* **Work required**
Repeat the records below exactly, leaving out every picture.

Data supplied Block Start

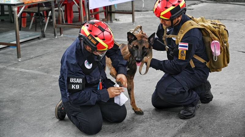 เมื่อเวลา 15.00 น. วันที่ 2 เม.ย. 2568 ที่ ตึกก่อสร้างสำนักงานตรวจเงินแผ่นดิน ริมถนนกำแพงเพชรสอง ตรงข้ามตลาดนัดจตุจักร นายอลงกต ชูแก้ว รองผู้อำนวยการองค์การสุนัขกู้ภัยแห่งชาติ หรือ k9 usar thailand ได้สั่งผู้ควบคุม ให้เตรียมความพร้อม หลังจากได้รับสัญญาณ เจ้าหน้าที่ที่ปฏิบัติภารกิจอยู่ด้านใน
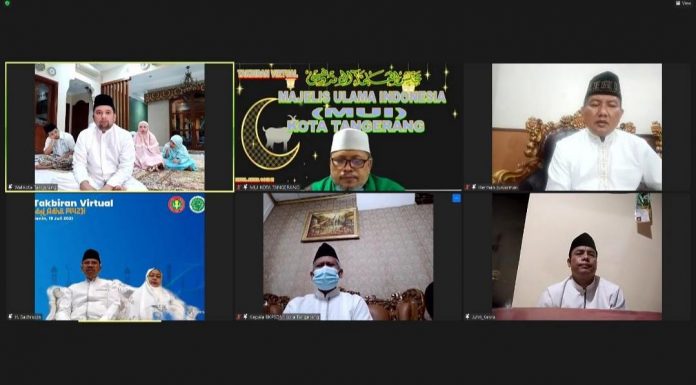 Pemerintah Kota Tangerang menggelar kegiatan Takbiran Virtual dalam rangka memperingati momen Iduladha 1442 Hijriyah/2021 Masehi yang disiarkan melalui kanal jejaring sosial Youtube Kota Tangerang dan melalui aplikasi Zoom.
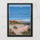 Uma vista sobre as dunas até o mar, com um barco de pesca no horizonte.
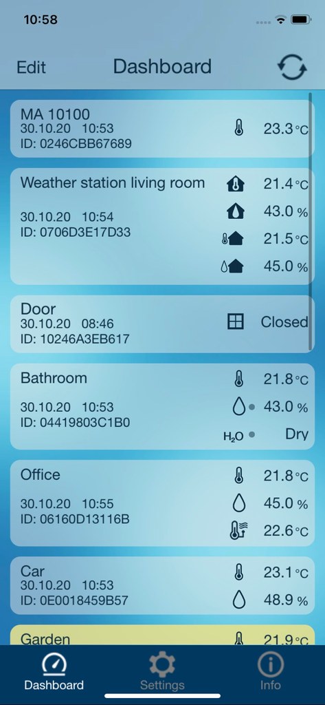 - v přehledu na displeji vašeho mobilního zařízení vidíte všechna bezdrátová čidla (pokud je použito více bezdrátových čidel) - lze přidat nová bezdrátová čidla a odstranit nebo přejmenovat vybraná - registrace bezdrátového čidla pomocí QR kódu - vybraným bezdrátovým čidlům můžete nastavit teplotní alarmy, které vás upozorní v případě, že teplota stoupla, nebo klesla na nastavenou úroveň - různé barvy oken se zprávami na mobilním zařízení pro lepší orientaci - zobrazování notifikací (zpráv) např. o spuštění alarmu při dosažení nastavené teploty - možnost zobrazení naměřených dat za uplynulých 90 dní - indikace stavu baterií v jednotlivých bezdrátových čidlech - vysílání naměřených dat bezdrátovým čidlem každých 7 minut - brána má LED diody, které informují o její činnosti - barva brány bílá se stříbrnou anténou - napájení síťovým adaptérem 20V, 100mA (je součástí dodávky) - možnost postavení, nebo zavěšení
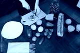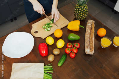Woman hands is cutting vegetables on wooden cutting board. Healthy eating. Top view.
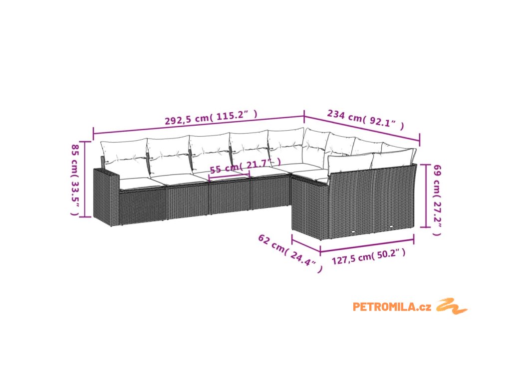 - Rozměry podušky za záda: 55 x 45 x 13 cm (D x Š x T)
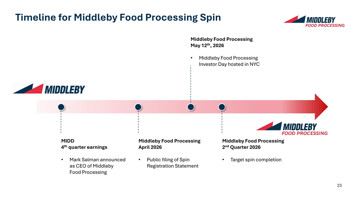 Middleby Food Processing Financial Outlook Q1 2026 & FY 2026 Guidance (in $m) Stand-Alone Corporate Costs % Growth % Growth Preliminary estimate of vs Mid- vs Mid- standalone and run- Q1 ’26 Q1 ’25 Point FY ’26 FY ’25 Point rate public company costs of $27-32m +22% +7% Revenue +10-15% +4-6% Excludes stock-based $200-210m $168m $895-925m $850m Organic Organic compensation growth growth Estimates to be further refined and detailed in the Form 10 Adj. $37-41m $30m +30% $186-208m $172m +15% EBITDA 22
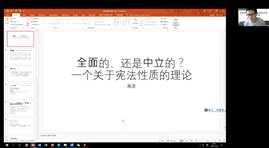 论坛的第九单元也即最后一单元由上海交通大学李学尧教授主持。澳门大学副教授翟小波、中国人民大学教授陈景辉先后做了《全面的,还是中立的?——一个关于宪法性质的理论》《关于宪法学与宪法:对一些批评意见的回应》的报告。翟教授首先对宪法全面主义进行了介绍与否定。宪法全面主义不仅伤害宪法,也伤害其他法,伤害自由和多元的社会秩序,宪法因此变成了包治百病的万灵药,宪法理论变成了百科全书式的正义理论。翟教授认为,宪法是且仅是构造和规范最高权之法,是中立的最高后设规范:它是具有一系列独特属性的规范体系。这种中立宪法的概念至少有四个维度:法律之维、道德之维、文化之维、政治之维。翟教授主张有限的法律宪法主义。陈教授的报告主要包括两部分:宪法学部分和宪法部分。陈教授认为对于法理学问题的回答,宪法和部门法的关系是很好的出发点,甚至是唯一的出发点。他认为法体系本就是一个诸法联邦,其他部门法相当于各个州,宪法是唯一一个与其他部门法发生性质关联的法律,其他部门法不能直接与后设问题有关,必须借道宪法,只有宪法能被提出后设问题,能够进入“法律是什么”的命题。由此陈教授提出了自己反对的几个观念。第一个是反对一般性的法律定义,第二个是反对一种大秦式的法律帝国,第三个是反对比喻用法。文章中主要讨论几个具体的问题,首先是宪法的具体化,其次是宪法法典化问题。陈教授认为宪法典是宪法的性质,不成文化是错的。报告中关于哈特的承认规则理论、宪法与部门法的关系以及宪法的性质等问题引起了线上与会学者们的激烈讨论与批评建议。
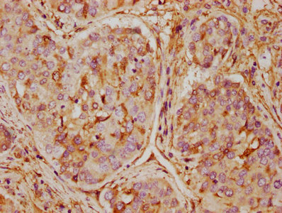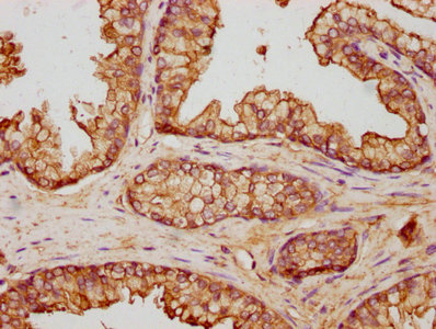IHC image of CSB-PA001846YA01HU diluted at 1:500 and staining in paraffin-embedded human prostate cancer performed on a Leica BondTM system. After dewaxing and hydration, antigen retrieval was mediated by high pressure in a citrate buffer (pH 6.0). Section was blocked with 10% normal goat serum 30min at RT. Then primary antibody (1% BSA) was incubated at 4°C overnight. The primary is detected by a biotinylated secondary antibody and visualized using an HRP conjugated SP system.

Data supplied Block End

* **Exercise answer**
 เมื่อเวลา 15.00 น. วันที่ 2 เม.ย. 2568 ที่ ตึกก่อสร้างสำนักงานตรวจเงินแผ่นดิน ริมถนนกำแพงเพชรสอง ตรงข้ามตลาดนัดจตุจักร นายอลงกต ชูแก้ว รองผู้อำนวยการองค์การสุนัขกู้ภัยแห่งชาติ หรือ k9 usar thailand ได้สั่งผู้ควบคุม ให้เตรียมความพร้อม หลังจากได้รับสัญญาณ เจ้าหน้าที่ที่ปฏิบัติภารกิจอยู่ด้านใน
 Pemerintah Kota Tangerang menggelar kegiatan Takbiran Virtual dalam rangka memperingati momen Iduladha 1442 Hijriyah/2021 Masehi yang disiarkan melalui kanal jejaring sosial Youtube Kota Tangerang dan melalui aplikasi Zoom.
 Uma vista sobre as dunas até o mar, com um barco de pesca no horizonte.
 - v přehledu na displeji vašeho mobilního zařízení vidíte všechna bezdrátová čidla (pokud je použito více bezdrátových čidel) - lze přidat nová bezdrátová čidla a odstranit nebo přejmenovat vybraná - registrace bezdrátového čidla pomocí QR kódu - vybraným bezdrátovým čidlům můžete nastavit teplotní alarmy, které vás upozorní v případě, že teplota stoupla, nebo klesla na nastavenou úroveň - různé barvy oken se zprávami na mobilním zařízení pro lepší orientaci - zobrazování notifikací (zpráv) např. o spuštění alarmu při dosažení nastavené teploty - možnost zobrazení naměřených dat za uplynulých 90 dní - indikace stavu baterií v jednotlivých bezdrátových čidlech - vysílání naměřených dat bezdrátovým čidlem každých 7 minut - brána má LED diody, které informují o její činnosti - barva brány bílá se stříbrnou anténou - napájení síťovým adaptérem 20V, 100mA (je součástí dodávky) - možnost postavení, nebo zavěšení
Woman hands is cutting vegetables on wooden cutting board. Healthy eating. Top view.
 - Rozměry podušky za záda: 55 x 45 x 13 cm (D x Š x T)
 Middleby Food Processing Financial Outlook Q1 2026 & FY 2026 Guidance (in $m) Stand-Alone Corporate Costs % Growth % Growth Preliminary estimate of vs Mid- vs Mid- standalone and run- Q1 ’26 Q1 ’25 Point FY ’26 FY ’25 Point rate public company costs of $27-32m +22% +7% Revenue +10-15% +4-6% Excludes stock-based $200-210m $168m $895-925m $850m Organic Organic compensation growth growth Estimates to be further refined and detailed in the Form 10 Adj. $37-41m $30m +30% $186-208m $172m +15% EBITDA 22
 论坛的第九单元也即最后一单元由上海交通大学李学尧教授主持。澳门大学副教授翟小波、中国人民大学教授陈景辉先后做了《全面的,还是中立的?——一个关于宪法性质的理论》《关于宪法学与宪法:对一些批评意见的回应》的报告。翟教授首先对宪法全面主义进行了介绍与否定。宪法全面主义不仅伤害宪法,也伤害其他法,伤害自由和多元的社会秩序,宪法因此变成了包治百病的万灵药,宪法理论变成了百科全书式的正义理论。翟教授认为,宪法是且仅是构造和规范最高权之法,是中立的最高后设规范:它是具有一系列独特属性的规范体系。这种中立宪法的概念至少有四个维度:法律之维、道德之维、文化之维、政治之维。翟教授主张有限的法律宪法主义。陈教授的报告主要包括两部分:宪法学部分和宪法部分。陈教授认为对于法理学问题的回答,宪法和部门法的关系是很好的出发点,甚至是唯一的出发点。他认为法体系本就是一个诸法联邦,其他部门法相当于各个州,宪法是唯一一个与其他部门法发生性质关联的法律,其他部门法不能直接与后设问题有关,必须借道宪法,只有宪法能被提出后设问题,能够进入“法律是什么”的命题。由此陈教授提出了自己反对的几个观念。第一个是反对一般性的法律定义,第二个是反对一种大秦式的法律帝国,第三个是反对比喻用法。文章中主要讨论几个具体的问题,首先是宪法的具体化,其次是宪法法典化问题。陈教授认为宪法典是宪法的性质,不成文化是错的。报告中关于哈特的承认规则理论、宪法与部门法的关系以及宪法的性质等问题引起了线上与会学者们的激烈讨论与批评建议。
IHC image of CSB-PA001846YA01HU diluted at 1:500 and staining in paraffin-embedded human prostate cancer performed on a Leica BondTM system. After dewaxing and hydration, antigen retrieval was mediated by high pressure in a citrate buffer (pH 6.0). Section was blocked with 10% normal goat serum 30min at RT. Then primary antibody (1% BSA) was incubated at 4°C overnight. The primary is detected by a biotinylated secondary antibody and visualized using an HRP conjugated SP system.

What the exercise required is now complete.